Tuesday, November 07, 2006

Feeling Helpless

First of all – yay! – I got the job. I have orientation tonight and start training next week. Which is awesome, since Saturday is my birthday and I have plans for both Friday and Saturday nights but didn’t want to start off the new job saying “by the way…” I’m a little nervous, since I haven’t done any actual waitressing for like, oh, ten years or so, but I’m pretty sure it’s like riding a bike (something else I haven’t done in ten years or so – bad analogy for me, I guess!). In any case, keep your fingers crossed for me, because I need the extra cash to save for a new car. What? Why do I need a new car, you ask?? Next blog, I promise. Because today I have something major on my mind.

I’m sure all of you out there have someone special in your life. Not necessarily a significant other, I’m talking about someone (be it a relative, friend, co-worker, etc.) who you just click with – someone you can talk to about anything, someone you know will ALWAYS be there for you when you need them and vice versa. Someone who can make you laugh when you are pissed off at the world, and someone you can make laugh as well. Someone you just know would never judge you, who you feel so damn comfortable with you know you would be lost without. Maybe you see and talk to that person all the time, maybe not as much as you’d like, but either way, just knowing they are out there is sometimes enough.

Now imagine that person taking a loaded gun and putting it to their head in a game of Russian Roulette.

I apologize for the harshness of this – but it needs to be said. My someone special (who I know is reading this) is doing just that. And I can’t even bring myself to think of what my life and the lives of the rest of her family and friends will become when she loses the “game.” Which is what it is to her right now. She may not have an actual gun to her head, per se, instead she is messing with her heart. And not in the emotional sense, either. Her doctors have been asking – no, begging – her to have additional tests run… saying she is at risk of a major heart attack or stroke if she doesn’t find out what is going on with her ticker. She’s already had one scare, and I’m so afraid the next one will be much more than just a scare.

Right now, her excuse is that she wants to wait until her husband has his procedure – not too far off, but with the heart, every second counts. And as serious as his procedure is, even the doctors say her condition is much more serious and life-threatening.

But I know what the problem is. She is scared. No, she is terrified. And she should be. Although she shouldn’t be afraid of finding out what is wrong, she should be afraid of what will happen if she doesn’t. I love her so much, it is killing me knowing that she would rather hide than face reality.

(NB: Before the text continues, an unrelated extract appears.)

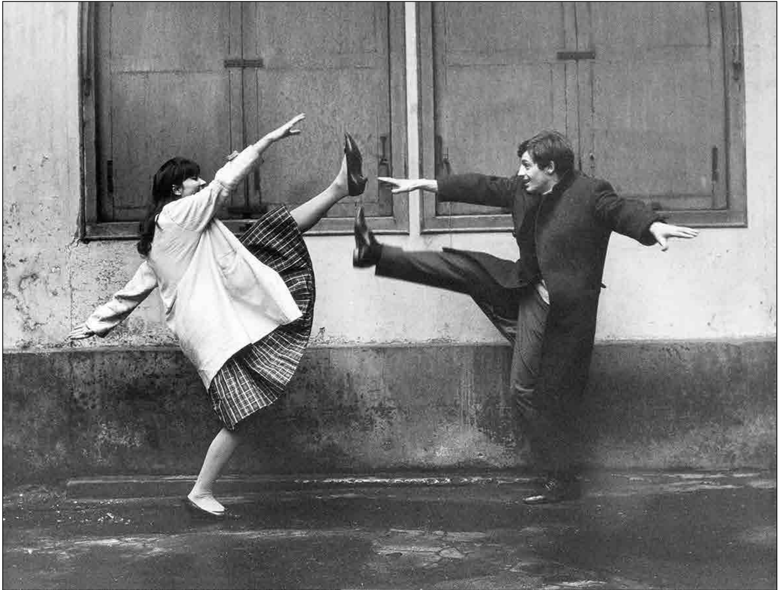
Une Femme est une Femme - Jean-Luc Godard - 1961 - Anna Karina, Jean-Paul Belmondo - Paris

And it is pissing me off. Because she is being selfish, too. She is putting her fears ahead of her health and totally disregarding everyone else’s fears – the fear that she will die if she doesn’t listen to the doctor. And you know what? To me, that is just as bad as suicide. If you ignore the medical help being offered and just wait for that one twinge, or that one gasp for breath – you are in essence just slowly killing yourself. And guess what? Been there, done that. Thought about it, tried it, changed my mind. Know why? Because I couldn’t imagine how the people left behind would deal. Yup, conceited me thought my loved ones might be a bit upset at my passing – and thank God I chose that moment to start being a bit more unselfish. When I think of all I would’ve missed had I succeeded twenty-some odd years ago… It gives me the chills. And makes me a lot less tolerant of people who think they don’t matter and would be better off gone.

I don’t know what to say or do to convince her to listen to the doctors, get the tests run – do whatever they say. She is a grown woman and has her own mind and can make her own decisions. But for me, it’s like waiting for the other shoe to drop. I’m waiting for a phone call telling me she is in the ER, or worse, the morgue. And I can’t even imagine dealing with that – now or ever. I know eventually I probably will, but what’s the rush? I’m expecting at least a good twenty or forty more years together – and if we make it much past that, then we can find our cliff.

I love you so much. But dammit – you know you can’t jump without me.

2 comments:

Anonymous said...

My husband had a heart attack which was followed by a double-bypass to save him. He went for a stress test 3 weeks prior to the heart attack and got a clean bill of health. Your friend should consider herself lucky because her doctors have found something that needs intervention. If my husband's doctors had found his problem he wouldn't have the irreversible heart damage from the heart attack that we now have to deal with every single day. Even though the bypass saved him part of his heart is forever damaged requiring many medications to manage his heart disease. Tell your friend that even if she waits, she could be cutting off years of her life when she doesn't have to lose them to something that can be corrected right now. We are in the prime of our life and because of this, I have lost some years of good living just as he has. She needs to fix this now.

Cheryl said...

It's unfortunate and frustrating when we see people acting in a way that isn't in their best interest, but we can't do anything about it. It makes me feel frustrated and powerless and stuck. I am hoping she overcomes her fear.

On another note, congrats on your job! Maybe I will have to make a trip out to Red Lobster.